Collected material -
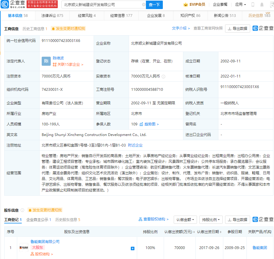 企查查信息显示,该公司成立于2002年,法定代表人为陈维波,注册资本7亿元人民币,经营范围包含:物业管理;房地产开发;销售自行开发后的商品房;土地开发;从事房地产经纪业务等。
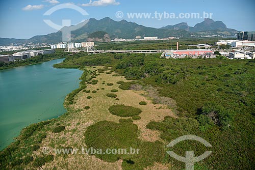 Aerial photo of the Jacarepagua Lagoon with the Cardeal Dom Eugênio de Araujo Sales Bridge (2013) in the background - Rio de Janeiro city - Rio de Janeiro state (RJ) - Brazil
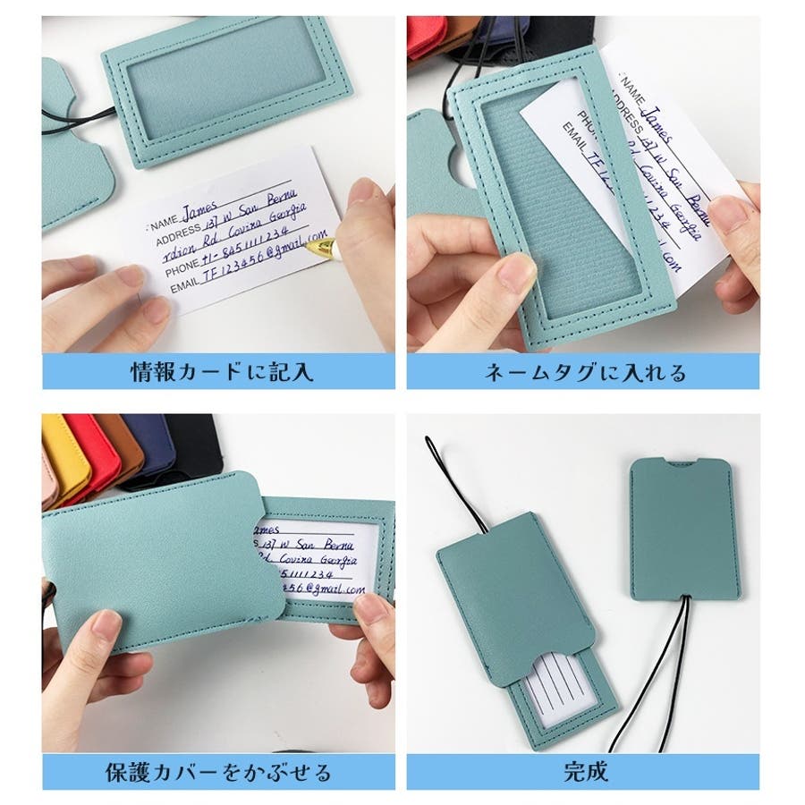 スーツケースやバッグに取り付けられ、名前や住所を記載できるカード付き。

Work to be completed - Repeat the full listing above without altering a word, and skip the pictures.

Problem solution -
 企查查信息显示,该公司成立于2002年,法定代表人为陈维波,注册资本7亿元人民币,经营范围包含:物业管理;房地产开发;销售自行开发后的商品房;土地开发;从事房地产经纪业务等。
 Aerial photo of the Jacarepagua Lagoon with the Cardeal Dom Eugênio de Araujo Sales Bridge (2013) in the background - Rio de Janeiro city - Rio de Janeiro state (RJ) - Brazil
 スーツケースやバッグに取り付けられ、名前や住所を記載できるカード付き。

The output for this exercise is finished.